That's right! Just memorizing and parroting back the words is meaningless. Understand what you are learning.


----------



## Randy81 (Jan 11, 2016)

I'm going to attempt to knock out my proficiency training tonight! If I am successful, I should be doing my FC degree next Monday.


----------



## Dontrell Stroman (Jan 11, 2016)

Randy81 said:


> I'm going to attempt to knock out my proficiency training tonight! If I am successful, I should be doing my FC degree next Monday.


Don't attempt brother, just do it. Answer the questions with pride and confidence.


----------



## acjohnson53 (Jan 11, 2016)

smib


----------



## Randy81 (Jan 11, 2016)

Travelling Man91 said:


> Don't attempt brother, just do it. Answer the questions with pride and confidence.


Thanks! I'm going to do it. I've studied and understand everything thoroughly.


----------



## Warrior1256 (Jan 12, 2016)

How did it go?


----------



## Randy81 (Jan 13, 2016)

It ended up getting pushed to this coming Monday. I'm confident I will knock  it out.


----------



## Warrior1256 (Jan 13, 2016)

Randy81 said:


> It ended up getting pushed to this coming Monday. I'm confident I will knock  it out.


The best of luck to you brother.


----------



## CLewey44 (Jan 13, 2016)

Randy81 said:


> It ended up getting pushed to this coming Monday. I'm confident I will knock  it out.



Most lodges look for proficiency not perfection. You'll be fine.


----------



## Randy81 (Jan 18, 2016)

Tonight I was found proficient in my EA catechism and then was passed to fellowcraft immediately after! The FC degree was great! 

The lodge has scheduled my master mason degree for February 15th. I think my proficiency work will come much quicker this time.


----------



## Randy81 (Jan 18, 2016)

I just realized that I will be raised on George Washington's birthday! It doesn't really matter, but is cool.


----------



## acjohnson53 (Jan 19, 2016)

So brother Randy 1, how did ur profincecy go???


----------



## acjohnson53 (Jan 19, 2016)

My bad brother I did read far enough to see that u r a Fellow Craft...Congratulations too u....Keep grinding


----------



## Randy81 (Jan 19, 2016)

acjohnson53 said:


> My bad brother I did read far enough to see that u r a Fellow Craft...Congratulations too u....Keep grinding


Thank you for the encouragement!


----------



## dfreybur (Jan 19, 2016)

Randy81 said:


> Tonight I was found proficient in my EA catechism and then was passed to fellowcraft immediately after!

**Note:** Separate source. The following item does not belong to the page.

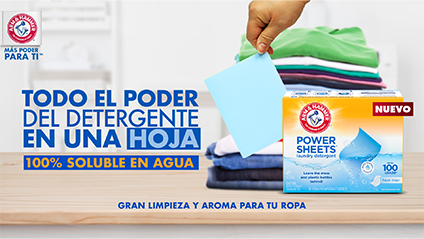 - Detergente ecológico: Arm & Hammer Power Sheets evita goteos, derrames y residuos de botellas de plástico. Práctico, ligero y reciclable, sin cargar botellas pesadas.

Welcome again to the family twice adopted Brother.


----------



## Warrior1256 (Jan 20, 2016)

Congratulations on your FC Brother.


----------



## Dontrell Stroman (Jan 20, 2016)

Congratulations brother. While your going through your degrees soak in as much as you can. I enjoyed my the first two, but my favorite is the third.


----------



## Randy81 (Jan 20, 2016)

Thanks guys! I did a much better job of listening during this degree.


----------



## Randy81 (Jan 20, 2016)

The FC catechism is much easier! The FC lecture... not so much... The amount of information in the degree was unreal and awesome!


----------



## Randy81 (Jan 29, 2016)

I visited another lodge for the first time tonight, and it was great! I was able to witness and participate in the EA degree for two new brothers.


----------



## Randy81 (Feb 1, 2016)

I was found proficient in my FC catechism tonight! My Master's Degree has been locked in for the 15th along with another brother who I also did my FC degree with. Tonight the Grand Master from the Grand Lodge of Alabama was at our lodge for an EA degree. His dad and brother are members of our lodge so it was great to have him there. Additionally, we had guys from our State Grand Lodge there tonight which was nice. Our new Grand Master wants a Grand Lodge Officer at every EA in the state of Louisiana!


----------



## Warrior1256 (Feb 2, 2016)

Randy81 said:


> I was found proficient in my FC catechism tonight! My Master's Degree has been locked in for the 15th along with another brother who I also did my FC degree with. Tonight the Grand Master from the Grand Lodge of Alabama was at our lodge for an EA degree. His dad and brother are members of our lodge so it was great to have him there. Additionally, we had guys from our State Grand Lodge there tonight which was nice. Our new Grand Master wants a Grand Lodge Officer at every EA in the state of Louisiana!


Congratulations Brother!


----------



## Randy81 (Feb 13, 2016)

DeusLuxVitam said:


> I hope you dont have any poop stains on your undies.. And I say that with full confidence that you'll have a great night


What's your deal?


----------



## Warrior1256 (Feb 13, 2016)

Randy81 said:


> What's your deal?


I'm wondering about this myself!


----------



## Randy81 (Feb 13, 2016)

DeusLuxVitam said:


> I thought it was pretty funny lol


I think you're kind of a moron. From the looks of most of your posts, you just want attention. You're not truly interested in the craft.


----------



## Bloke (Feb 14, 2016)

DeusLuxVitam said:


> Don't judge a book by its cover.



I'm not, I'm using your words.. but perhaps we should not judge at all. The issue is we have a lot of folk come here to read about Freemasonry, and many of your posts are most unacceptable in a Masonic Forum, virtual or actual.... Negative reaction to them should tell you that clearly. I am sure it does..


----------